> Exercise directions
Starting with the line with "胰高血糖素(GCG)是一種由" in the entries below and going on through the line with "Go find Lululemon", output every line exactly and nothing more. No pictures.

> Data supplied
----

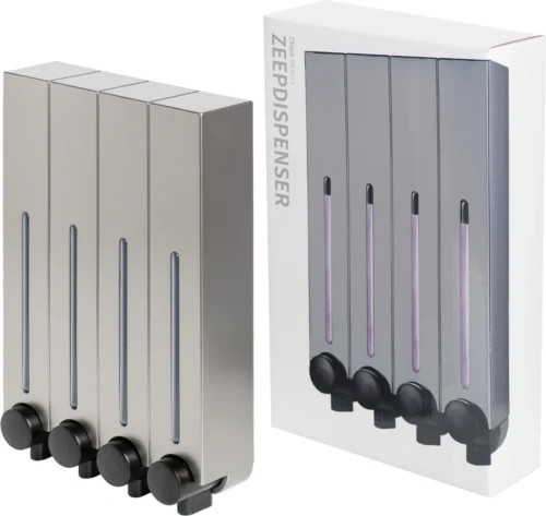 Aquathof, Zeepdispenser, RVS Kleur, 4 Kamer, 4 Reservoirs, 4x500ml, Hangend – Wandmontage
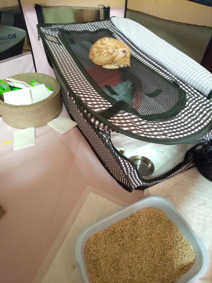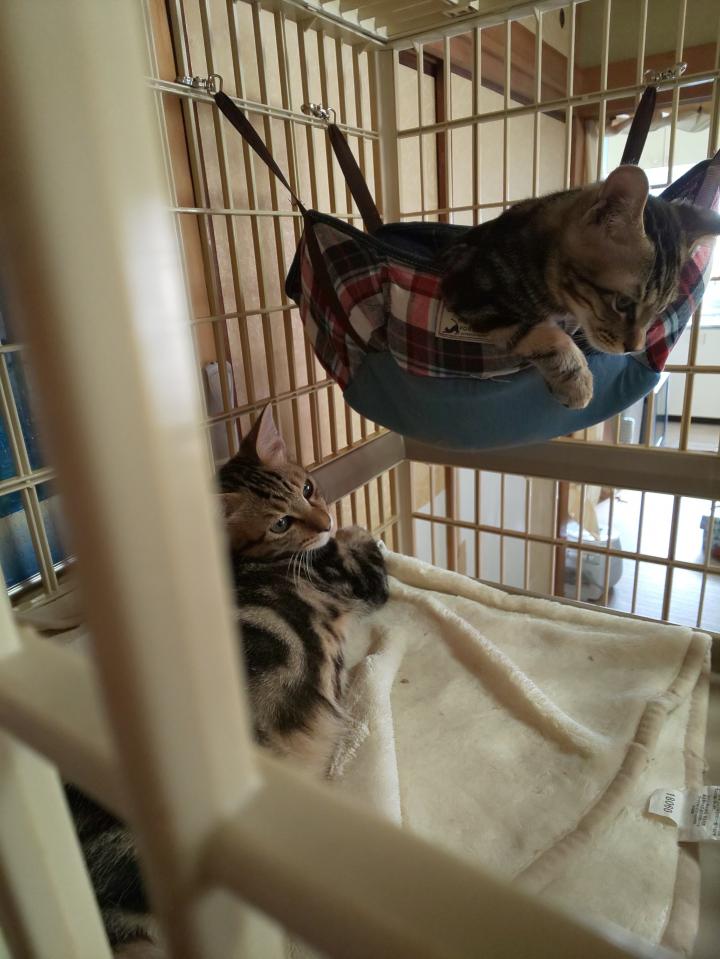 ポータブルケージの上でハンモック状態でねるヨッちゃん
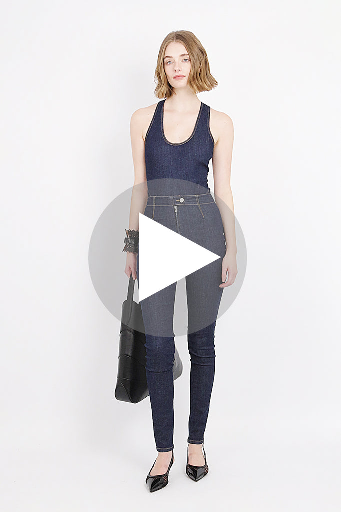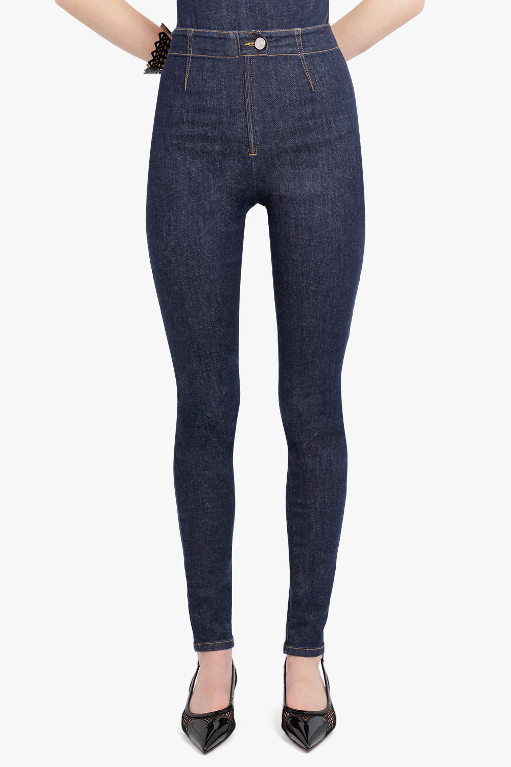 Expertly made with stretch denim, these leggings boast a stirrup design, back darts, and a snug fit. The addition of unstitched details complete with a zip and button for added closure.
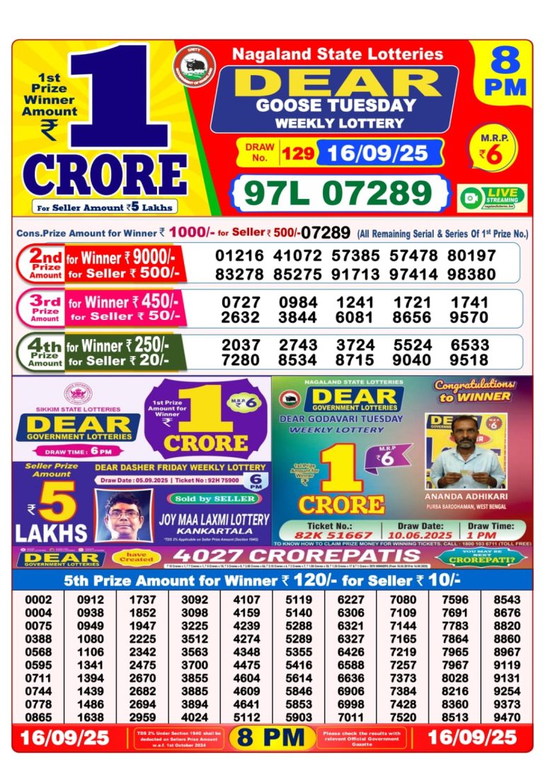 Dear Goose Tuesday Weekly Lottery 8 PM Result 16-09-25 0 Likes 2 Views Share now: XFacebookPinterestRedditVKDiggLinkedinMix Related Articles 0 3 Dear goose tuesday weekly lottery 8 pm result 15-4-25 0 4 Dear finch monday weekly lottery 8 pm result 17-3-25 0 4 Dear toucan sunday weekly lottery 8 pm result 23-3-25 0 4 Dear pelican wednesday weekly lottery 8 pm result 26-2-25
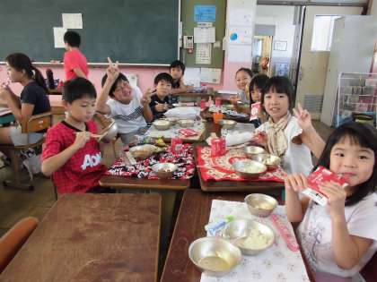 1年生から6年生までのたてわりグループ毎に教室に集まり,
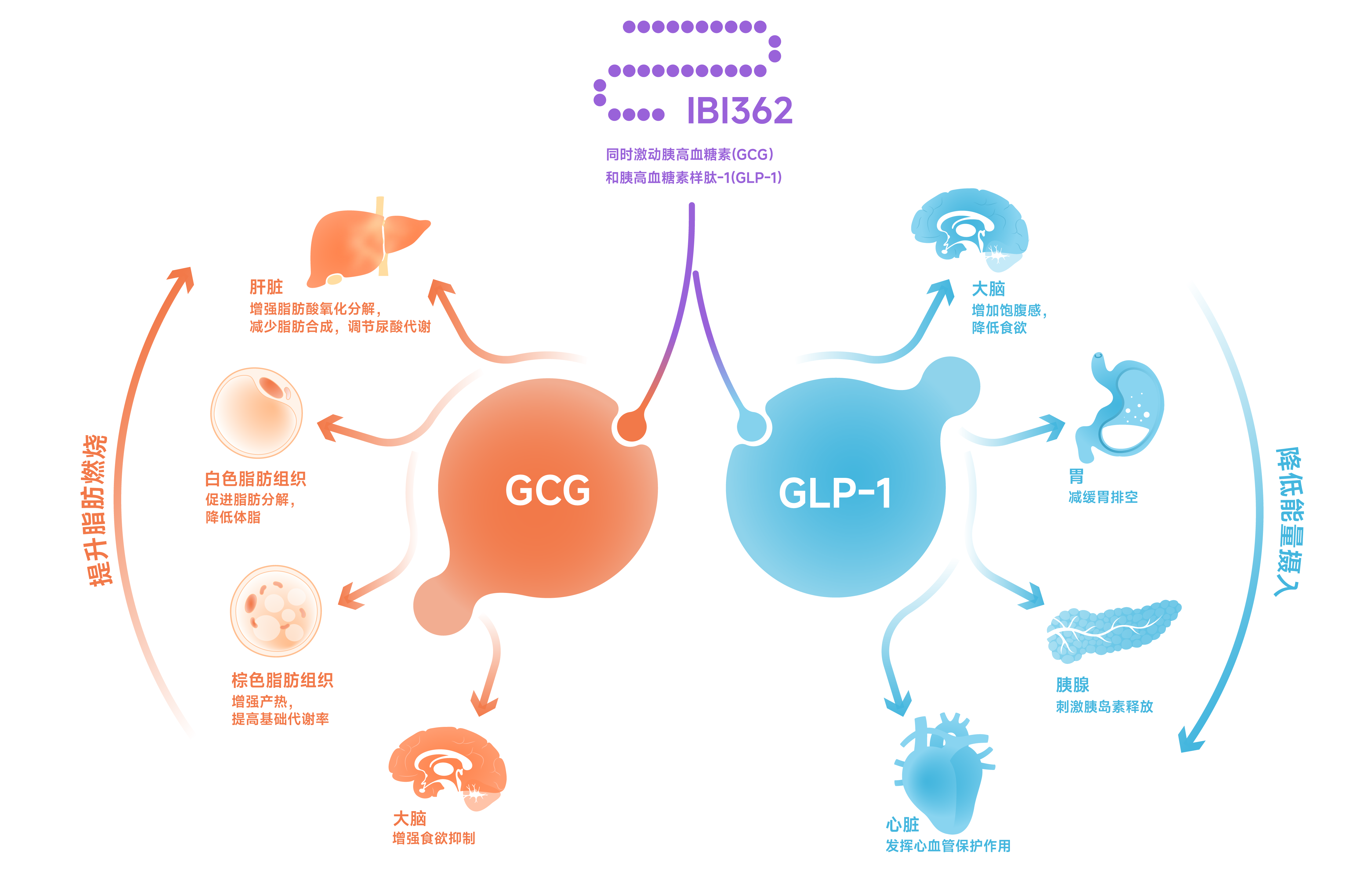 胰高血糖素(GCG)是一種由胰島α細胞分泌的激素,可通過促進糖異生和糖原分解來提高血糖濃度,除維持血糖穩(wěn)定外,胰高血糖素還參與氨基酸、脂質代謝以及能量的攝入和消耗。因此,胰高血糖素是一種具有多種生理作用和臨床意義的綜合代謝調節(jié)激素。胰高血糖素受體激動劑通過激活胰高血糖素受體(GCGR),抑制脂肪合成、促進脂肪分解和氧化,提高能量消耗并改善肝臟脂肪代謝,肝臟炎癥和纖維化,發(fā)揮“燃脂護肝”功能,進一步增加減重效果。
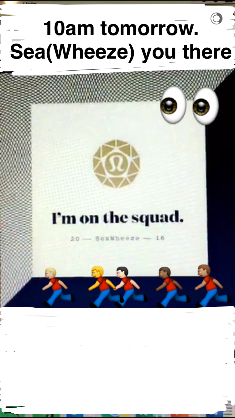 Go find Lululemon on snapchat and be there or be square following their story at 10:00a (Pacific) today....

----

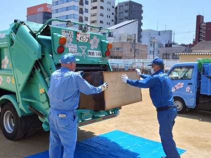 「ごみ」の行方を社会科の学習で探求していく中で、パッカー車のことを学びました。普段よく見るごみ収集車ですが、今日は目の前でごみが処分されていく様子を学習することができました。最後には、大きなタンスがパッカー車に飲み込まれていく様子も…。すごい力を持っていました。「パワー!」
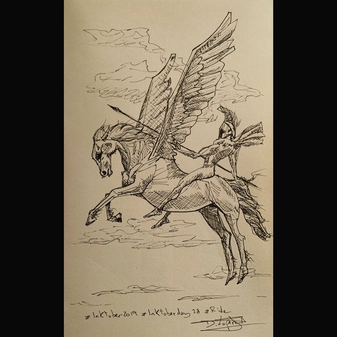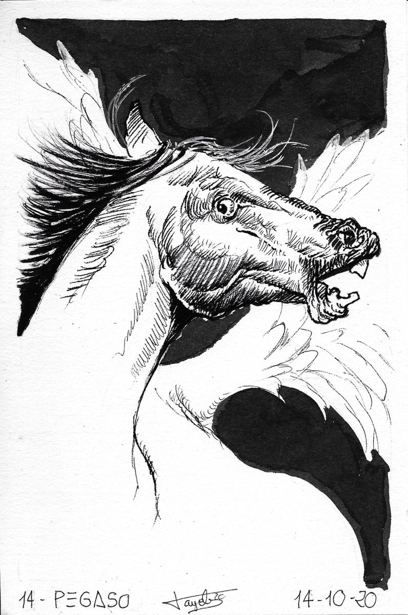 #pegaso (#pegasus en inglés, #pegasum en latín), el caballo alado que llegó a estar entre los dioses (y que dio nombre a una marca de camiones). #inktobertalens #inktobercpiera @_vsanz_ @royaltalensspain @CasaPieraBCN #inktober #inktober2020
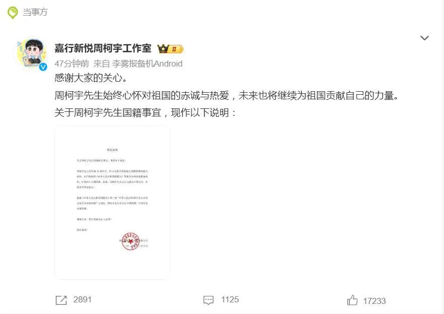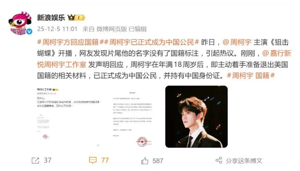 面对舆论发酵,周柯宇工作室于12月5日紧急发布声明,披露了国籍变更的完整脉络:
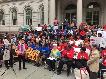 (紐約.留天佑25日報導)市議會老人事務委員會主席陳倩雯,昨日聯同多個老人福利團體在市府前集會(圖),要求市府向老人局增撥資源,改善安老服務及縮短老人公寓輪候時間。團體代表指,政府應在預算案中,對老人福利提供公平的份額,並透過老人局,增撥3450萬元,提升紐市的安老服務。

----

> Answer to the exercise
 胰高血糖素(GCG)是一種由胰島α細胞分泌的激素,可通過促進糖異生和糖原分解來提高血糖濃度,除維持血糖穩(wěn)定外,胰高血糖素還參與氨基酸、脂質代謝以及能量的攝入和消耗。因此,胰高血糖素是一種具有多種生理作用和臨床意義的綜合代謝調節(jié)激素。胰高血糖素受體激動劑通過激活胰高血糖素受體(GCGR),抑制脂肪合成、促進脂肪分解和氧化,提高能量消耗并改善肝臟脂肪代謝,肝臟炎癥和纖維化,發(fā)揮“燃脂護肝”功能,進一步增加減重效果。
 Go find Lululemon on snapchat and be there or be square following their story at 10:00a (Pacific) today....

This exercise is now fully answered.